Exercise details – Exactly as they appear below, repeat the lines from the one with "Приключения Тинтина: Секрет" through the one with "5.볼에 멸치 액젓 1T, 고춧가루". Drop every picture.

Data for this task –
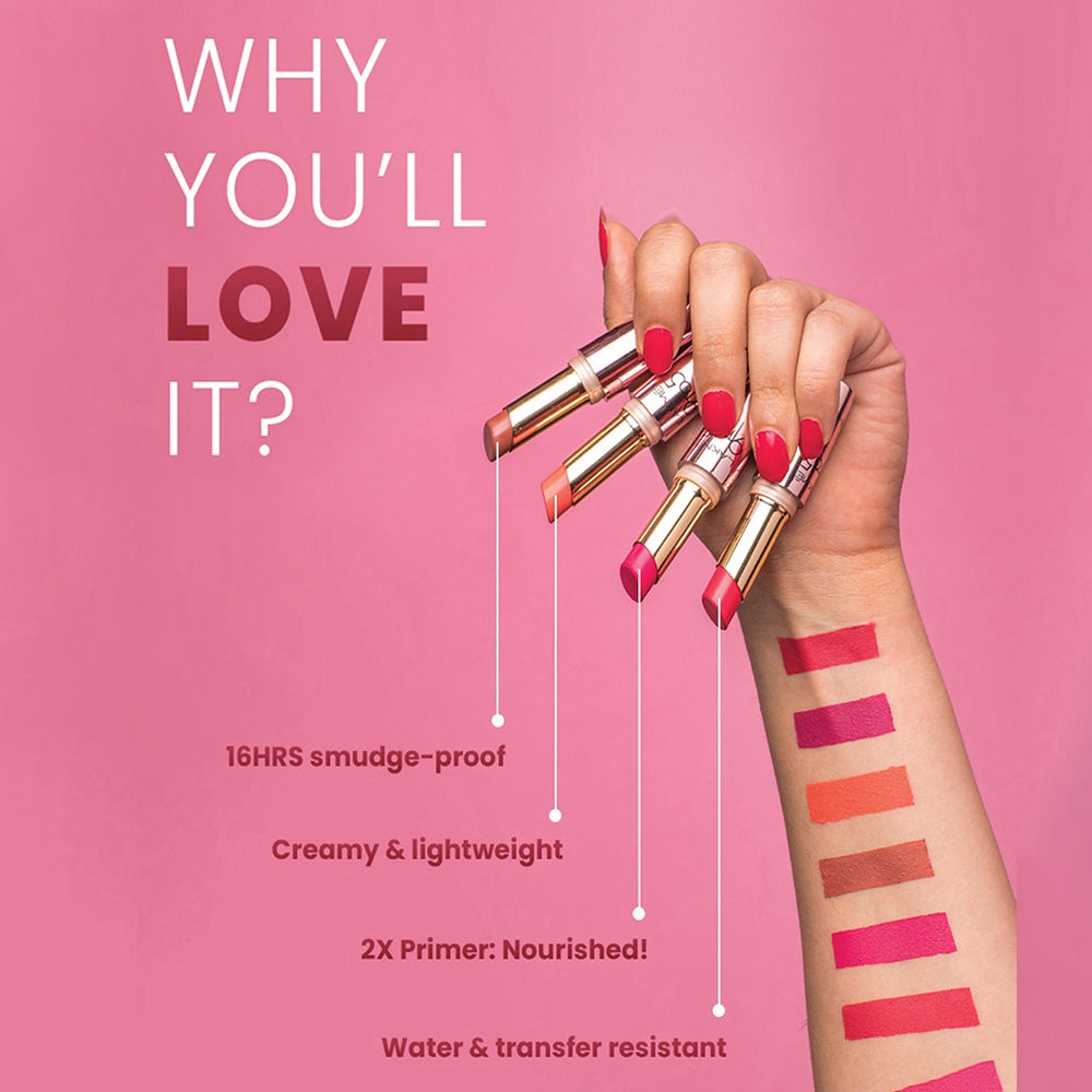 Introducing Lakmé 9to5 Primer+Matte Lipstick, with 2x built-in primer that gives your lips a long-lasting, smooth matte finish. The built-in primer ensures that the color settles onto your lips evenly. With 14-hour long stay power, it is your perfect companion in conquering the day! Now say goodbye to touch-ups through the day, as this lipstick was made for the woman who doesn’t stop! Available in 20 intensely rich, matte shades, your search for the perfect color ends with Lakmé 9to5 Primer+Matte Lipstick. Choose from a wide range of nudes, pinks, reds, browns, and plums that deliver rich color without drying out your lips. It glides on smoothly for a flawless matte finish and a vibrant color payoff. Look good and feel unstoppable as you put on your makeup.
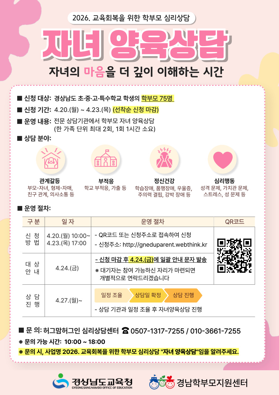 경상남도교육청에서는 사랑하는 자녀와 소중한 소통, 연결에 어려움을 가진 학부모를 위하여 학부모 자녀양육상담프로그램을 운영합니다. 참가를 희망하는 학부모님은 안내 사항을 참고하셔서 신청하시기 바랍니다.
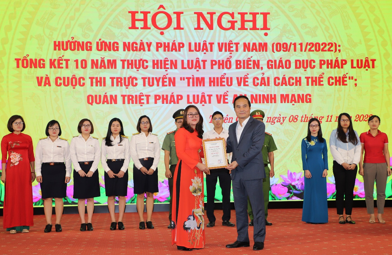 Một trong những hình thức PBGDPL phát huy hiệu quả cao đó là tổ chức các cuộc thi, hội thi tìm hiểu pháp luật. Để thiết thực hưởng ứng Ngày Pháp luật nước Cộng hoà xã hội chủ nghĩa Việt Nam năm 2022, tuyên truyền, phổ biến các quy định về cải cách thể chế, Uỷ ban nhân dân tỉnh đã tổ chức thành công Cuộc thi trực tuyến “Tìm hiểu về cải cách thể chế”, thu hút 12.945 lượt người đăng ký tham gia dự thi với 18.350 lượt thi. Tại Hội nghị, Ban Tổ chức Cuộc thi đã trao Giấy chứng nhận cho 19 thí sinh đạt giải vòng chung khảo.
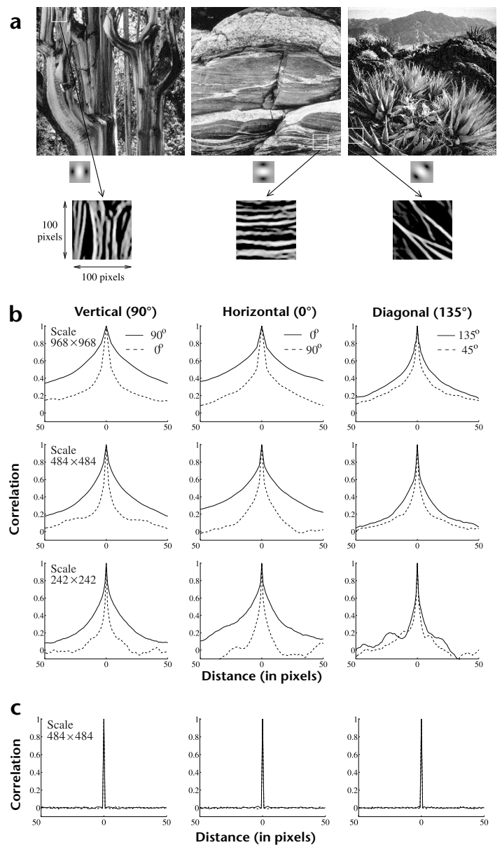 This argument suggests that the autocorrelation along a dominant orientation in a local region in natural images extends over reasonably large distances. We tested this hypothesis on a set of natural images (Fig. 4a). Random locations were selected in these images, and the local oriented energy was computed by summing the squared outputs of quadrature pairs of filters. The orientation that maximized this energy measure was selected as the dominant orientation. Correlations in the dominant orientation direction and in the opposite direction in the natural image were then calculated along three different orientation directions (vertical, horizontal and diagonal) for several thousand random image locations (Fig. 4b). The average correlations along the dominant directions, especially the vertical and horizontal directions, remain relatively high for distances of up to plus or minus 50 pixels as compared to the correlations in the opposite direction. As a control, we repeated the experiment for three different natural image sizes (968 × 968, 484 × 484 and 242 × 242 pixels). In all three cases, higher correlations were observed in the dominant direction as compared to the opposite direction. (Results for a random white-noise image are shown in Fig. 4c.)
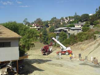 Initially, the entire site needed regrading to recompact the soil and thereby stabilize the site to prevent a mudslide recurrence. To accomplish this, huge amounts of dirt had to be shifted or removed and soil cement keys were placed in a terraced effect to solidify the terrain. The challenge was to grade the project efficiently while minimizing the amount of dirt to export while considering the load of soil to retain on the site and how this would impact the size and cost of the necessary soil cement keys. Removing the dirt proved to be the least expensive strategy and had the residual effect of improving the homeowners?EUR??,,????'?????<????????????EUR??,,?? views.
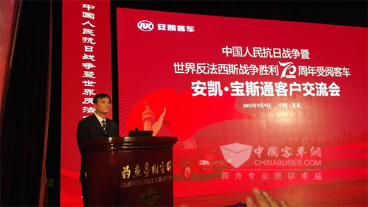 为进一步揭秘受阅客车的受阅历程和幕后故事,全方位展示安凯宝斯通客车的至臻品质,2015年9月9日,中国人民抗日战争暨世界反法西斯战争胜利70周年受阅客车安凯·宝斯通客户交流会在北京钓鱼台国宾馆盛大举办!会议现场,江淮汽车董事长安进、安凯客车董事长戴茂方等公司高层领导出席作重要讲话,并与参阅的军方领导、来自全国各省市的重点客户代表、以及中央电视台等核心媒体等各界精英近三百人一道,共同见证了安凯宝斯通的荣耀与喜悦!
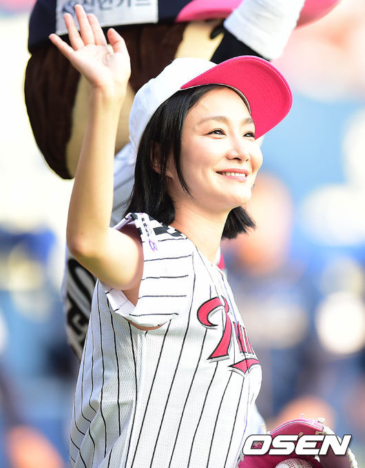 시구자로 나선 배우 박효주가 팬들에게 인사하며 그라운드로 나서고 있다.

* * *

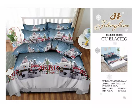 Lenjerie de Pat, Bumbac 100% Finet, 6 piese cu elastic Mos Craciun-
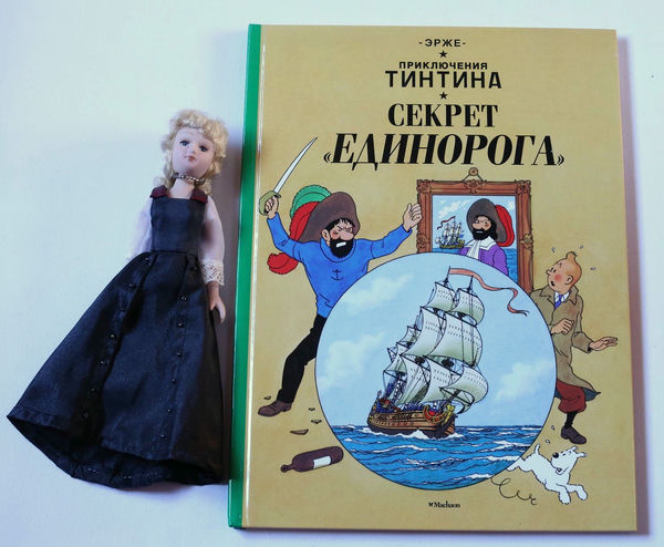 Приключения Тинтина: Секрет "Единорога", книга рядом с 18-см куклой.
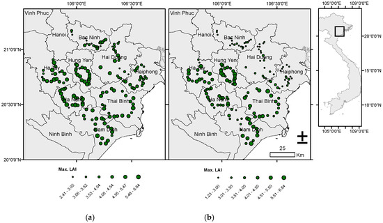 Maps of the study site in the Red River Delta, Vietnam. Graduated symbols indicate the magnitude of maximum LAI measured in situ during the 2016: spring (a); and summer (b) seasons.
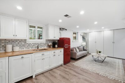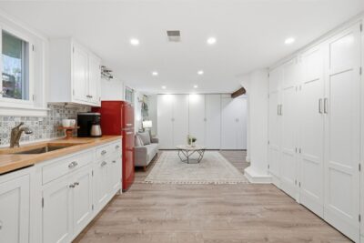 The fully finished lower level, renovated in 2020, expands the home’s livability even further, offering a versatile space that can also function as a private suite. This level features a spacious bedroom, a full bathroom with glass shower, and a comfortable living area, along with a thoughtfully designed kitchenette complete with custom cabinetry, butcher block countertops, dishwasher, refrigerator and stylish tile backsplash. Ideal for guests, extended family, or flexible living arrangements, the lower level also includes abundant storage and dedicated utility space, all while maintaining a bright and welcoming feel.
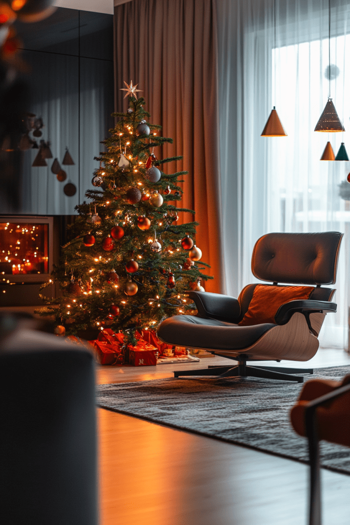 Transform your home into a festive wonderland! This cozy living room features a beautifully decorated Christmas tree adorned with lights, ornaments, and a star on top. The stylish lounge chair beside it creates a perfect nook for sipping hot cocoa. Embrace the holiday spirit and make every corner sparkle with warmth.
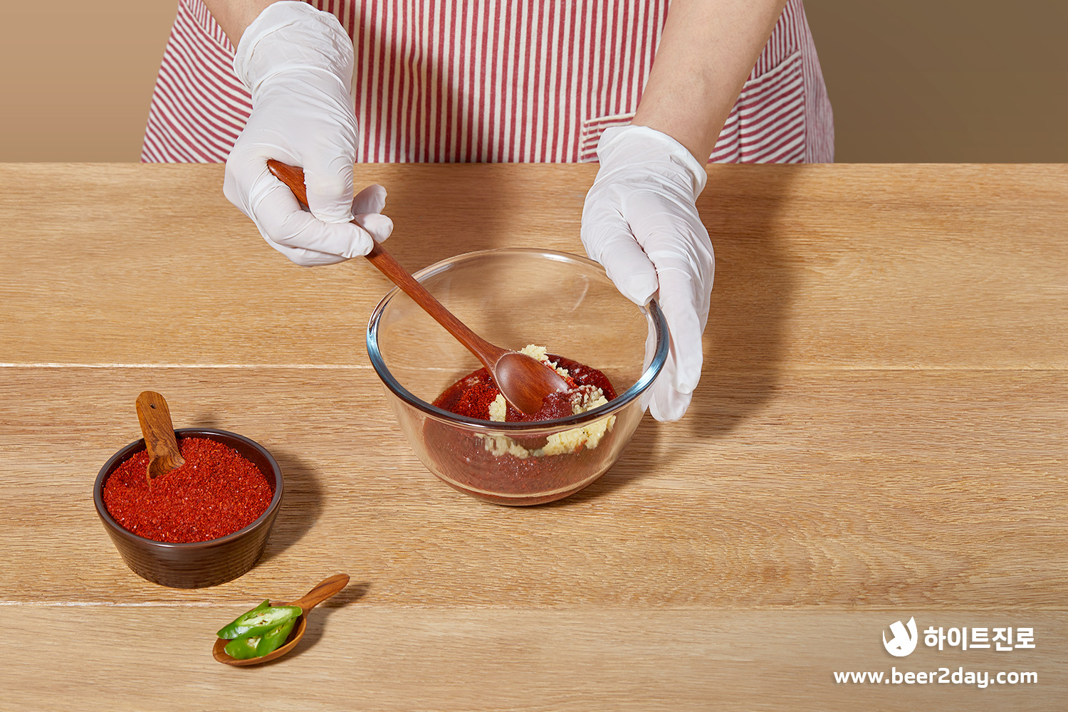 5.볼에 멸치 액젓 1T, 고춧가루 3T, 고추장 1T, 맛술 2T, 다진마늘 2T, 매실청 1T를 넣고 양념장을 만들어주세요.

Response area –
 Приключения Тинтина: Секрет "Единорога", книга рядом с 18-см куклой.
 Maps of the study site in the Red River Delta, Vietnam. Graduated symbols indicate the magnitude of maximum LAI measured in situ during the 2016: spring (a); and summer (b) seasons.
 The fully finished lower level, renovated in 2020, expands the home’s livability even further, offering a versatile space that can also function as a private suite. This level features a spacious bedroom, a full bathroom with glass shower, and a comfortable living area, along with a thoughtfully designed kitchenette complete with custom cabinetry, butcher block countertops, dishwasher, refrigerator and stylish tile backsplash. Ideal for guests, extended family, or flexible living arrangements, the lower level also includes abundant storage and dedicated utility space, all while maintaining a bright and welcoming feel.
 Transform your home into a festive wonderland! This cozy living room features a beautifully decorated Christmas tree adorned with lights, ornaments, and a star on top. The stylish lounge chair beside it creates a perfect nook for sipping hot cocoa. Embrace the holiday spirit and make every corner sparkle with warmth.
 5.볼에 멸치 액젓 1T, 고춧가루 3T, 고추장 1T, 맛술 2T, 다진마늘 2T, 매실청 1T를 넣고 양념장을 만들어주세요.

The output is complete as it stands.